Section 6.10 Insurance. (a) Purchaser acknowledges and agrees that effective with the Closing all Insurance Coverage provided to the Target Entities by a Selling Party or any Affiliate of a Selling Party shall terminate and no further liability shall arise under any of such policies except that the Target Entities shall have the benefits of coverage under such policies with respect to insured events occurring before the Closing.
(b) The Selling Parties and Purchaser agree that all claims with respect to insured events occurring prior to the Closing shall be administered in accordance with the terms of the Selling Parties’ policies and coverage applicable to such claims provided that the Selling Parties shall pay any costs of deductible and self‑insured retentions related to such policies and coverage. Such presently pending claims are listed on Schedule 6.10. Purchaser shall use commercially reasonable efforts to cooperate with the Selling Parties to enable them to comply with the requirements of the relevant insurance carrier and Purchaser shall use commercially reasonable efforts to provide such information and assistance as the Selling Parties may reasonably request in connection with any such claim. Any monies received by a Selling Party or any Affiliate of a Selling Party as a result of such a claim shall be promptly paid over to Purchaser.
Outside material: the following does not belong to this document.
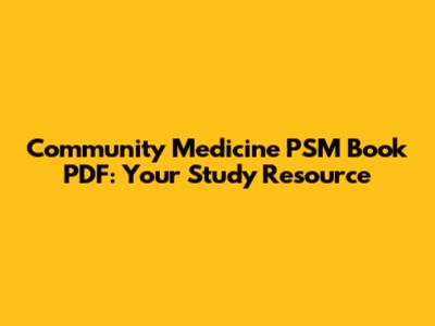 Community Medicine PSM Book PDF: Your Study Resource

Section 6.11 Intercompany Receivables and Payables. (a) The Parties agree and acknowledge that any intercompany receivable or payable balance between a Target Entity (on the one hand) and another Target Entity or an Affiliate of a Selling Party (on the other hand) which arose from the intercompany supply of goods or services (trading balances) in the ordinary course of business and included in the Working Capital and to be included in the Closing Statement shall remain outstanding as of the Closing Date. The Parties further agree and acknowledge that such payables shall be paid after the Closing in the currency denominated on the applicable invoice in the ordinary course of business.
(b) Schedule 6.11(b) lists all intercompany financial indebtedness for borrowed money between a Subject Company (on the one hand) and another Subject Company, a Selling Party or Affiliate of a Selling Party (on the other hand) and the obligor and obligee as of the date of this Agreement and the outstanding balance and accrued interest as of May 31, 2011.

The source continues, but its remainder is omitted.